Так, А.Н. Красников писал: «В рамках религоведения необходимо уделить большее внимание методологическим основам этой науки, усилив акцент на принципах компаративизма, эмпирической достоверности, теоретической обоснованности, объективности, толерантности, политической неангажированности и подлинной научности»1. Наибольшую проблему для эпистемологического обоснования дисциплинарной парадигмы религиоведения представляет реализация принципов «объективности», «толерантности», «политической неангажированности». Проще всего с «политической неангажированностью»: исследователь может легко оставить в стороне свои политические пристрастия, наука - не избирательный участок и, тем более, не митинговая площадь. Человек, придерживающийся демократических принципов («демократом», т.е. признающим борьбу мнений и принципы избираемости и достижения согласия в социально-политических отношениях на основании волеизъявления «большинства народа», являются и социал-демократы, и коммунисты, и либералы разных вариаций), достаточно легко оставляет свои политические пристрастия, занимаясь социально-гуманитарными исследованиями.

Но как быть с «мировоззренческой неангажированностью»? Как «мировоззренческая ангажированность» сказывается на реализации эпистемологических принципов «объективности» и «толерантности»? Как достичь «мировоззренческой неангажированности»?

Эти вопросы наиболее актуальны именно для религиоведения. Отец Владимир Федоров с озабоченностью писал: «Очевидно, что и обществу в целом, и каждой конфессии необходим анализ религиозной и религиозно-общественной жизни в стране, особенно сегодня, в период «религиозного возрождения». Этот анализ предлагается порой специалистами (социологами, политологами, журналистами и др.), открыто заявляющими о своей внеденоминационности, т.е. невключенности в какую-либо форму или традицию религиозной жизни. Именно это обстоятельство позволяет им полагать, что их анализ объективен. Безусловно, взгляд со стороны интересен и полезен для общества и даже для Церквей, но можно ли назвать объективным мнение о религии человека нерелигиозного? Свое слово о религии, о ее месте в обществе и культуре должна сказать наука о религии -религиоведение, в частности, такой ее аспект как социология религии. Однако до сих пор большинство религиоведческих центров и кафедр ВУЗов возглавляют не только специалисты по атеизму, но и атеисты. Трудно ожидать объективности и адекватности их анализа (выделено нами -авт.)»2. Соглашаясь в целом с постановкой проблемы, позволим себе не согласиться с последними словами, нами выделенными.

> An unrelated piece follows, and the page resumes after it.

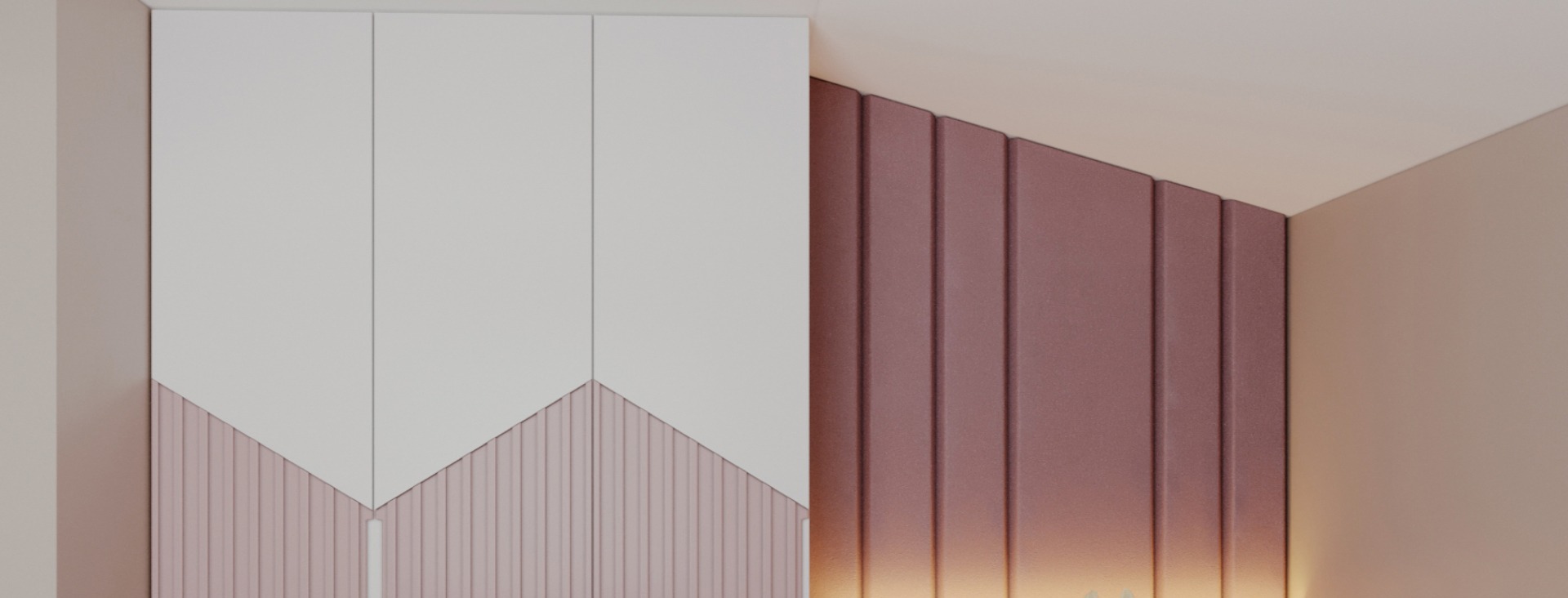 A small room in pale pink colors is diluted with a wallpaper print that adds personality and accent!
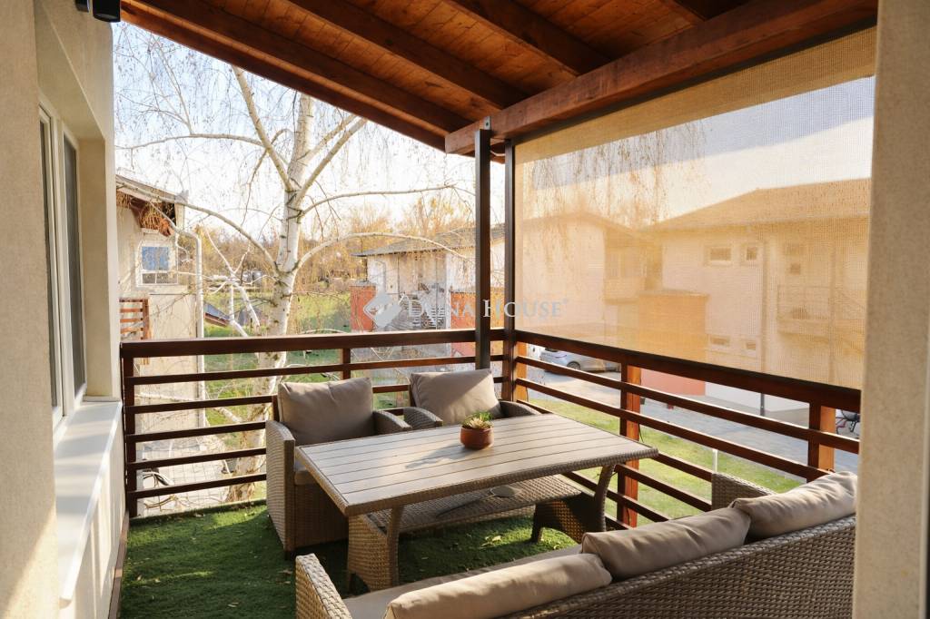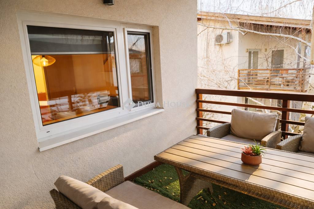 A lakás egyik különlegessége a műfűvel borított fedett terasz, amely kényelmes kerti bútorokkal felszerelt tökéletes helyszín reggeli kávézáshoz vagy esti pihenéshez.

Например, разве для религиоведения не важен опыт «атеистический», «опыт неверия»? Да и об атеизме надо говорить скорее условно, в контексте феномена секуляризации, который не сводится к атеизму, занимающему в европейской культуре даже XVIII-XIX веков незначительное место. «Вера и религиозные обычаи превратились в необязательное дополнение к сугубо прагматическим ценностям, так называемым реальным нуждам. Европейский секуляризм - это далеко не всегда безбожие или богоборчество, но прежде всего просто приземленность (выделено нами — авт.), поверхностность существования в обществе производства и потребления товаров и услуг, когда у человека уже вообще нет никакой серьезной, глубокой веры во что-либо за пределами обыденности»3. Да и что изменится в жизни отечественных кафедр религиоведения, если их возглавят (а многие кафедры в провинции и возглавляют!) верующие, воцерковленные ученые? Это что, прибавит им объективности или таланта, который, как известно, «дар Божий»? Мы можем и в последнем случае наблюдать как необъективность, так и чаете нетолерантность. Все, на наш взгляд, гораздо сложнее и в научном, и в экзистенциальном аспектах.

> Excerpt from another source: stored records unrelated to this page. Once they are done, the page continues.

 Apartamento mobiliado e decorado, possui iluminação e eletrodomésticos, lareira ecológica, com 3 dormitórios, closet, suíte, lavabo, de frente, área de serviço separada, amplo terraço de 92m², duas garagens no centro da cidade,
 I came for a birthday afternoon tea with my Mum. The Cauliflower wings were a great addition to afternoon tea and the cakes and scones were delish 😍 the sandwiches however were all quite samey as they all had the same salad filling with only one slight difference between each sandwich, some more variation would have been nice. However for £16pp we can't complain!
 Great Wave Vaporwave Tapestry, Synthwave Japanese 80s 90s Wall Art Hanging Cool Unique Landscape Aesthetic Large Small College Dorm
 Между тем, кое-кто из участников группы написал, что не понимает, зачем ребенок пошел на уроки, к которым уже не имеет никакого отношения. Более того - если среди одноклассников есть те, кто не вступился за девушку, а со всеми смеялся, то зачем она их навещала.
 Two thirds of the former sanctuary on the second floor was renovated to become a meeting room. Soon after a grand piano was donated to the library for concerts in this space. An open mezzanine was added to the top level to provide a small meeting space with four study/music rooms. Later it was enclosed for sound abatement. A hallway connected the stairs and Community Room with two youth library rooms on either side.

Среди ученых даже в советское время встречались «верующие» (вспомним С.С. Аверинцева и А.Ф. Лосева - это только наиболее знаковые и авторитетные фигуры советских верующих ученых, что им не мешало писать превосходные статьи по религиоведческой проблематике) и «неверующие» (последнее также еще не означало «атеист», многие ученые не были воцерковлены по известным причинам и даже состояли в КПСС, но в личных и публичных заявлениях часто декларировали себя «частично верующими» или «терпимыми» к вере, по отношению ко многим можно говорить и о феномене «мистического атеизма»4, ведь с тайной в экзистенциальном опыте сталкивается каждый человек). И среди ученых-атеистов советского времени мы можем назвать знаковые фигуры, таких создателей первоклассных, мирового уровня религиоведческих исследований (убрать из них «атеистические идеологизмы» очень легко), как С.А. Токарев, Д.М. Угринович, Л.Н.Митрохин, И.А. Крывелев, М.И. Шахнович (мы упомянули только ныне покойных). Думаем, можно не продолжать... Дело в том, что проблема «мировоззренческой неангажированности» в ее связи с реализацией принципов эпистемологической «объективности» и «толерантности» присутствует и в естествознании (вспомним споры вокруг парадигмы эволюционизма применительно и к космологии, и биологии, и антропологии), но в социально-гуманитарных науках она гораздо сложнее и приобретает действительно чуть ли не политическую остроту. Это часть общей гносеологической проблемы, включенности субъекта познания в объект, когда в рамках неклассической науки субъект-объектное разделение теряет свой смысл и требует наряду с реализацией принципа верификации, также и принципа фальсификации полученного знания при его проверке на достоверность.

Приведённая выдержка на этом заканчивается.